We treat our golf heroes like royalty, so when it comes time to say farewell, decrees are issued and the word sent forth regarding the appointed day and time when one of the legends is about to leave the court of greatness for good. The site’s 18th-hole amphitheater usually serves as the honoree’s trail of tears, as the subjects provide a rousing ovation that lasts the long walk home.
We have known since last July that next month’s Masters will be two-time winner Tom Watson’s 43rd and final appearance as a competitor. He made the announcement just prior to playing his final Open Championship, at the Old Course. Unless something historically astounding happens, it will also be the final major championship of Watson’s career.
Because former champions can play well into their twilight days, Augusta National has been the site of the final career major for more than a dozen of the game’s best major champions. Their sendoffs begin with 46-year-old tournament founder Bobby Jones’ 49th-place finish in 1948, a time when there was no 36-hole cut. All too often, however, the final farewell hasn’t gone beyond the first two rounds, ranging from missed cuts by Jimmy Demaret (age 56 in 1967), Byron Nelson (54 in 1966), Arnold Palmer (74 in 2004), Seve Ballesteros (49 in 2007), Raymond Floyd (66 in 2009) and Gary Player (73 also in 2009) and Ben Crenshaw (63 in 2015) to withdrawals for Cary Middlecoff (50 in 1971), Sam Snead (70 in 1983), Doug Ford (78 in 2001) and Billy Casper (73 in 2005). Nonwinner Walter Hagen WD’d from the 1941 Masters to end his major career at age 48.
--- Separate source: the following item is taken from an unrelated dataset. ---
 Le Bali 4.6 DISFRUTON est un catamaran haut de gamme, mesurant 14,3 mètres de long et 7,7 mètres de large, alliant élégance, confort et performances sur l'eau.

Watson, 66, has said for several years that Augusta National is too big for him. Since finishing fourth in 1997, he has missed the cut in 16 of the last 18 Masters, including last year. But Watson doesn’t have to worry that he tested the patience of Masters officials by overstaying his time as past champion. Last year he shot 71 on Thursday, becoming the oldest player, at 65, to shoot under par in Masters history, one of several longevity records he has compiled in the majors. (A second-round 81, however, was the clincher that “it’s time to say good-bye.”) It would be fitting if he could get four rounds in and join Jones as the only golf great to finish his major career at the Masters with four rounds since Watson began his major career at Augusta in 1970.
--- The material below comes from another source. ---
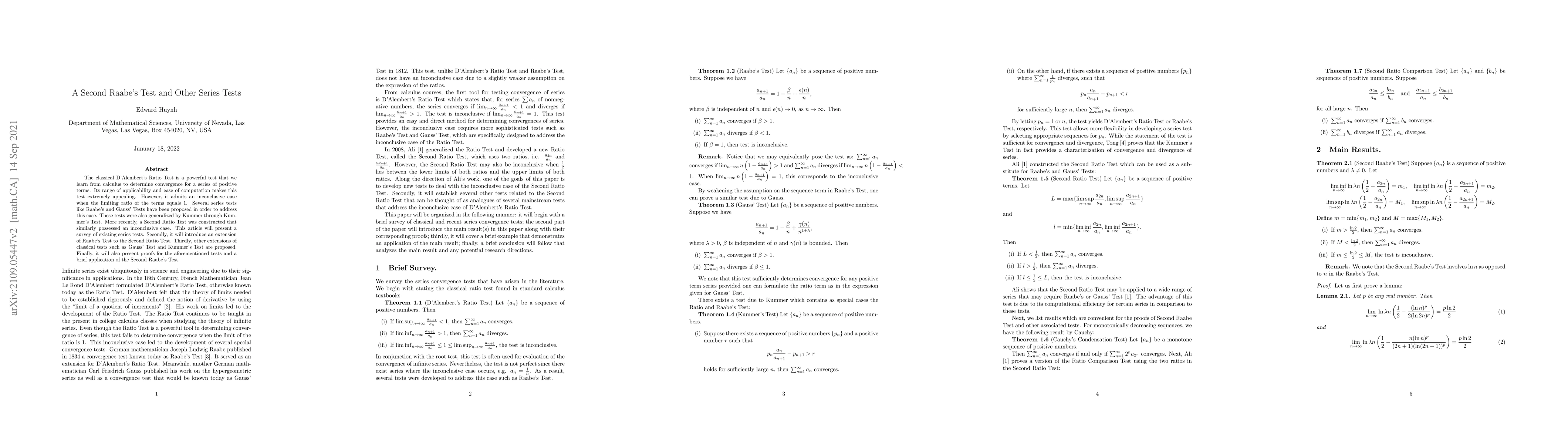 This paper surveys various series tests for convergence, including classical methods like Raabe's and Gauss' Tests, and introduces extensions such as the Second Raabe's Test, along with proofs and applications.

If that does happen, it would rank with Ben Hogan and Jack Nicklaus for the most appropriate conclusions to a major career. At age 54, Hogan, one of the U.S. Open’s legendary players, tied for 34th at the 1967 U.S. Open. Nicklaus, who was even the greatest at saying good-bye, completed his final major at age 65 in the 2005 Open Championship at St. Andrews, posing at 18’s Swilcan Burn Bridge (above), taking in a 10-minute ovation as he came to his drive, and then holing a 15-foot birdie putt to miss the cut by two shots. A classic conclusion that everyone should seek out on YouTube when they need to feel inspired.
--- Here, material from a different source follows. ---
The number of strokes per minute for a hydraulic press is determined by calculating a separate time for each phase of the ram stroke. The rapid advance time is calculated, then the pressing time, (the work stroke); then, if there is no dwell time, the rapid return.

Other major champions in their final major include Jim Barnes (age 46, T-55, 1932 U.S. Open), Julius Boros (60, MC, 1980 PGA), James Braid (58, T-41, 1928 Open Ch.), Henry Cotton (70, MC, 1977 Open Ch.), Bobby Locke (60, MC, 1978 Open Ch.), Old Tom Morris (74, 49th, 1895 Open Ch.), Paul Runyan (69, MC, 1977 PGA), Gene Sarazen (71, MC, 1973 Open Ch.), J.H. Taylor (56, 49th, 1927 Open Ch.), Peter Thomson (54, MC, 1984 Open Ch.), Lee Trevino (60, MC, 2000 Open Ch.) and Harry Vardon (58, 47th, 1928 Open Ch.)